In his 1936 book, Integral Humanism, the philosopher Jacques Maritain developed a thesis of a minimal standard of agreement devoted to the common practical task of politics under the banner of a “secular democratic faith”. It was possible to suspend doctrinal allegiances to propose a humanism with which both Christians and others could find accord, and provide foundations for newly emerging nation states.

Maritain’s was a significant contribution to the drafting of the Universal Declaration of Human Rights. This language secured human rights within Catholic political reflection and gave a sense of continuity to historical tradition. The consequences of such a universal declaration were unknown, and initially sidelined, when outstanding projects of postwar reconstruction and decolonisation took centre stage. However, the thesis of integral humanism, bound up with human rights ideas, began to shape the contribution of Catholics after the war in national constitutions and transnational political projects.

An emerging cosmopolitan Catholicism would view national sovereignty as diffused through civil society intermediary associations, and transnational organisations, which included a role for human rights instruments to check the folding of the state into the domain of the civil sphere.
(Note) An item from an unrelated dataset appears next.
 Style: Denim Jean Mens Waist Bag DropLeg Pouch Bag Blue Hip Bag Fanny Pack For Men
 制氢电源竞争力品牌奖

Catholic intellectuals had since the late 19th century developed a blueprint of social justice, coined by the Jesuit Luigi Taparelli, to counteract the excesses of market capitalism, and overreach of socialism on property rights. To reduce the political isolation of Catholics in Europe they also developed themes about subsidiarity and corporatism to give meaning to Pope Leo XIII’s thesis of the confessional state.

The idea of a diffused sovereignty, contrary to the strong state theory of Thomas Hobbes, and reflective of a long tradition of “two swords” or two powers in the political domain, an Imperium and Sacerdotium, gave substance to how this theory of political Catholicism would take shape.
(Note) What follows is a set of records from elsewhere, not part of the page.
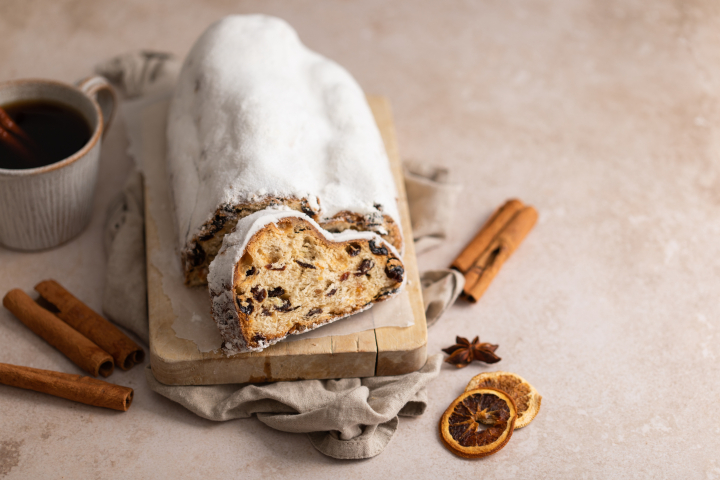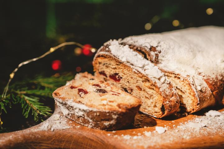 Se trata del stollen, un tipo de pan dulce que es típico en Navidad.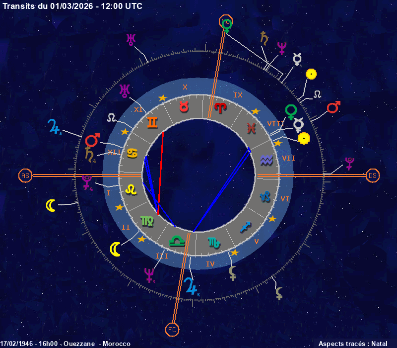 Click on the chart to switch between Natal and Transit aspects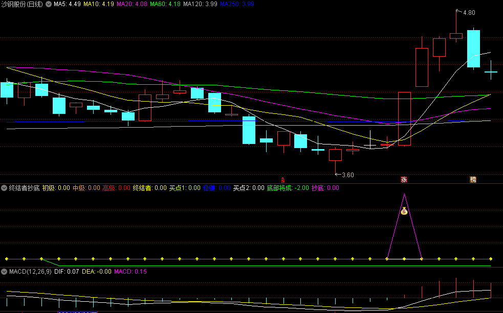 老汪自用的【终结者抄底】副图指标,综合多个指标编写而成,感觉非常不错,源码分享!

The natural law tradition those Catholics identified became the backbone for a civic or secular faith and they held there exists a prisca theologia or a philosophia perennis, an acknowledgement of a natural law that preceded the establishment of procedural rights in international law, laws that are not alone granted but are a recognised set of rights common to humanity. This cosmopolitan revision of an historical tradition fit for 20th-century modernity saw the potential for human rights to become an indirect power within democracy, and built on natural law it would be an instrument to restrain or guide the exercise of political power in the future.
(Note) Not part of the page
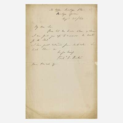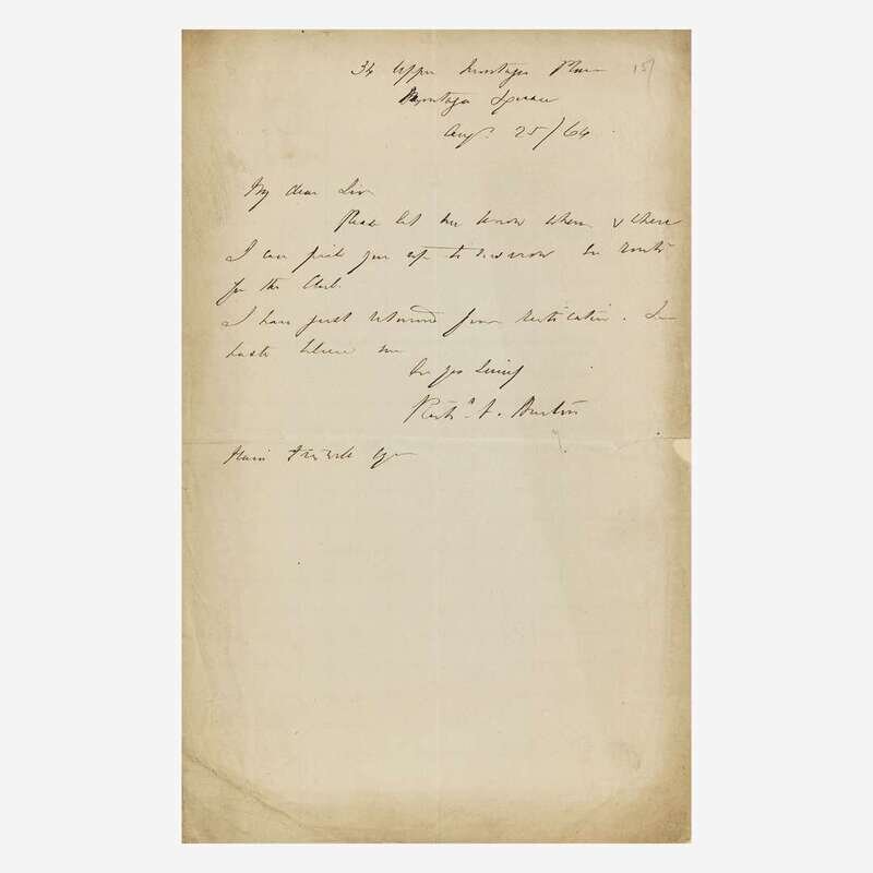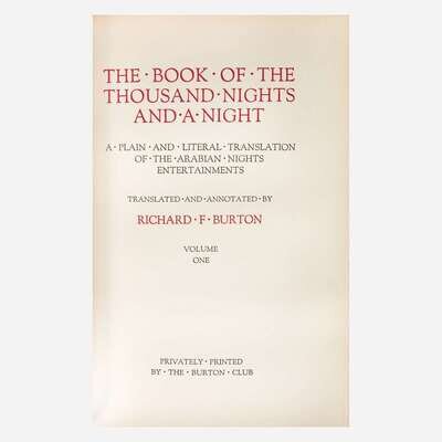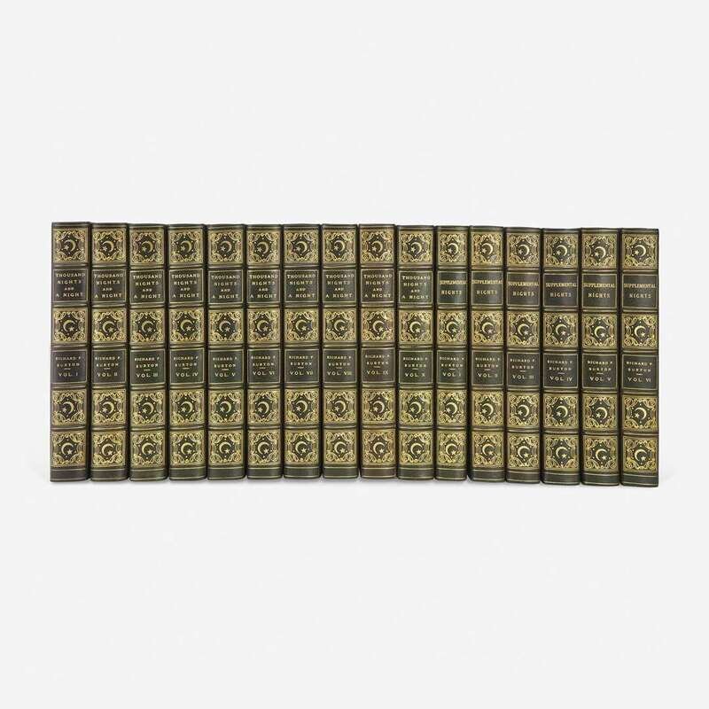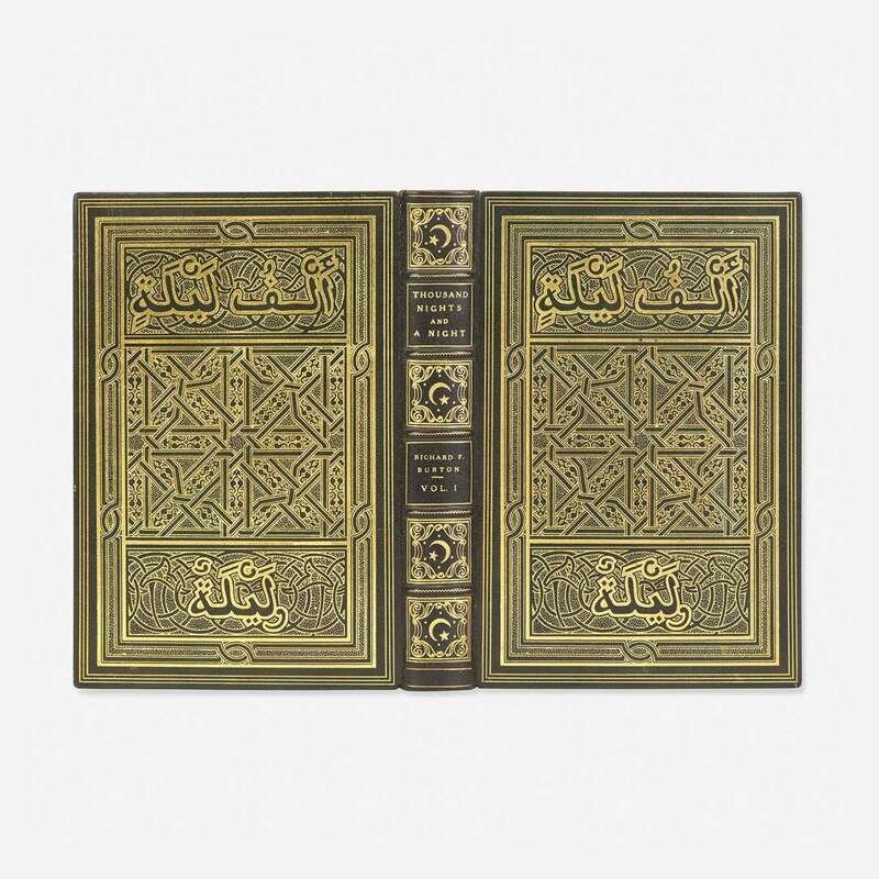 No place: Privately printed by the Burton club, no date. In 16 volumes (ten volumes of the Thousand Nights and a Night and six volumes of Supplemental Nights). Limited edition, #50/150 sets of The Manuscript Edition, including a 12-line tipped-in autograph letter, signed by Burton and dated August 25, 1866. Illustrated in color and in black and white. Frontispiece in first volume in two states (one in color, one in black and white), frontispieces in other 15 volumes in one state. Bound in full blue-green morocco, elaborately stamped in gilt; marbled endpapers and doublures; top edges gilt, other edges untrimmed (some pages unopened). Although unsigned, the binding is possibly a deluxe edition of the set as an identical binding has been seen by this cataloguer in two other instances. Not in Penzer.

Postwar Christian democracy as a political movement guaranteed a conservative political agenda, while retaining a secular faith in intermediary institutions like the European community and human rights courts. The experience acquired in constructing inter-war corporatist constitutions in Europe, which had applied ideas about human rights as natural rights, with essentially pre-political foundations, were applied to the development of human rights as a universal cosmopolitan project.

The Irish Constitution could be considered a peripheral laboratory for an emerging ideal of a cosmopolitan Catholicism. It reveals the overlapping of two Catholic political theories, one stemming from a strictly Leonie thesis, and a second belonging to an emerging cosmopolitan Catholicism that made civil society its domain. While the thesis of a confessional and corporate state dominated this process, they produced the integration of a new kind of constitutionalism responding to and restraining the emerging of a centralising state structure in 1930’s Europe.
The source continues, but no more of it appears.